━━━━━ Data records ━━━━━

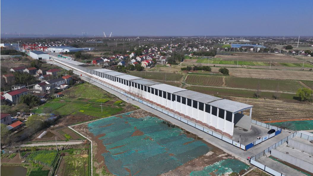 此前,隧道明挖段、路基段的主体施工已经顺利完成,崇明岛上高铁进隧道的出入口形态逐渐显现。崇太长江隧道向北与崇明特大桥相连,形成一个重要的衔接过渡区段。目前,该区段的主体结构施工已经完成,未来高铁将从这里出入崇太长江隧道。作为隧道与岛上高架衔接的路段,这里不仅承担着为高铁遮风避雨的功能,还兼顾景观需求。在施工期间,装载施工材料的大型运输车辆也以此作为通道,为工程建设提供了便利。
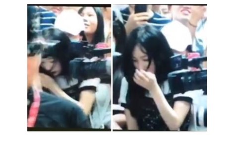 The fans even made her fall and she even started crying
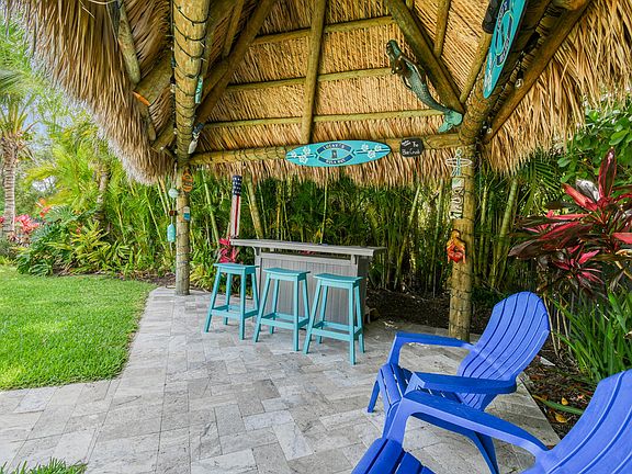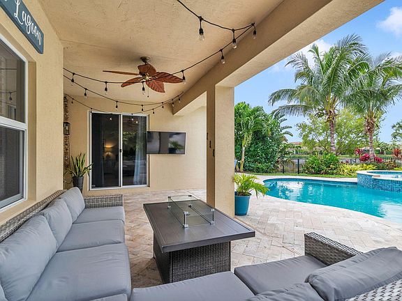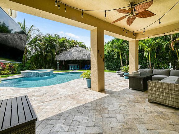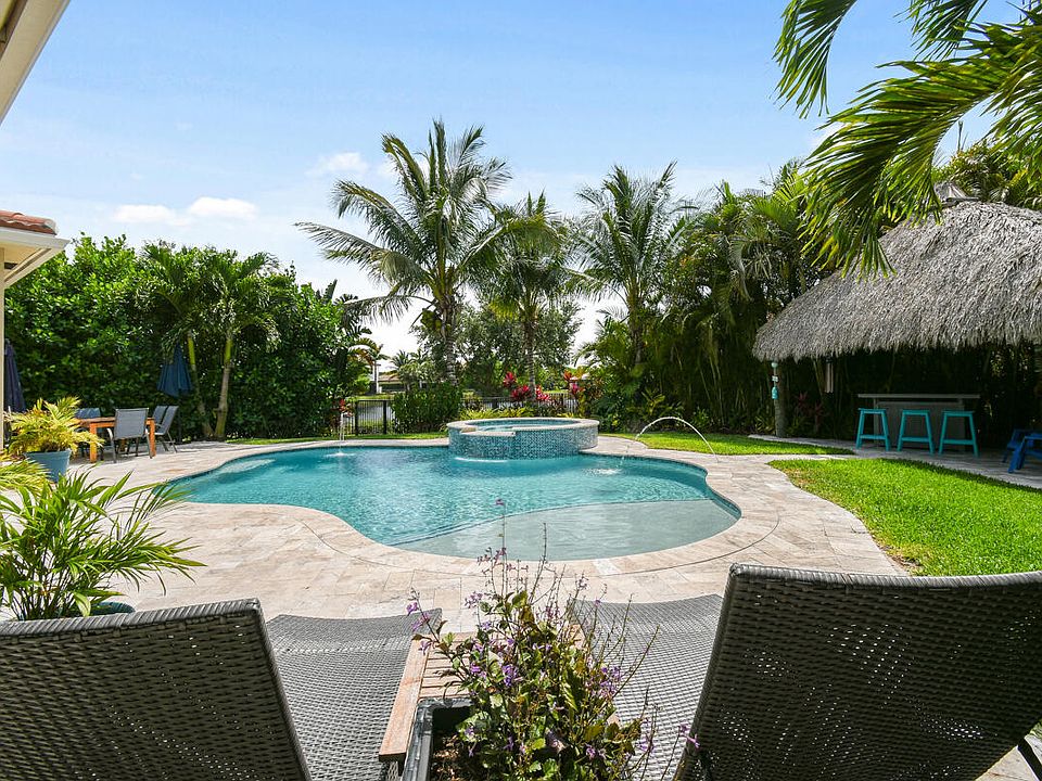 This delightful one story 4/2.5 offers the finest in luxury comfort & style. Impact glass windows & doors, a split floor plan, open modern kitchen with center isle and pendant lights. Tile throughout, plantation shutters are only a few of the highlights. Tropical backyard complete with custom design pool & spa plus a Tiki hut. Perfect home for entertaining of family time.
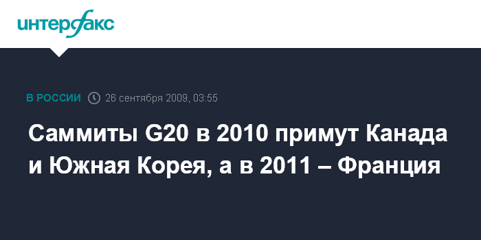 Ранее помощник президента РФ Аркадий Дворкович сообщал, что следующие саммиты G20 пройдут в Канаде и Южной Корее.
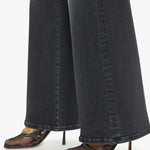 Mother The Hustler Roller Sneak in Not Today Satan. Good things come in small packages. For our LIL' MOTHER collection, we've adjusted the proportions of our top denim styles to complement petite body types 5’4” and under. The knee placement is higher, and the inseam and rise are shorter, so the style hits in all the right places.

━━━━━

■ Aim of the task ■
Exact repetition required: repeat the first line of the listing above, the line containing "This delightful one", and every line between, leaving out pictures.

■ Completed task ■
 此前,隧道明挖段、路基段的主体施工已经顺利完成,崇明岛上高铁进隧道的出入口形态逐渐显现。崇太长江隧道向北与崇明特大桥相连,形成一个重要的衔接过渡区段。目前,该区段的主体结构施工已经完成,未来高铁将从这里出入崇太长江隧道。作为隧道与岛上高架衔接的路段,这里不仅承担着为高铁遮风避雨的功能,还兼顾景观需求。在施工期间,装载施工材料的大型运输车辆也以此作为通道,为工程建设提供了便利。
 The fans even made her fall and she even started crying
 This delightful one story 4/2.5 offers the finest in luxury comfort & style. Impact glass windows & doors, a split floor plan, open modern kitchen with center isle and pendant lights. Tile throughout, plantation shutters are only a few of the highlights. Tropical backyard complete with custom design pool & spa plus a Tiki hut. Perfect home for entertaining of family time.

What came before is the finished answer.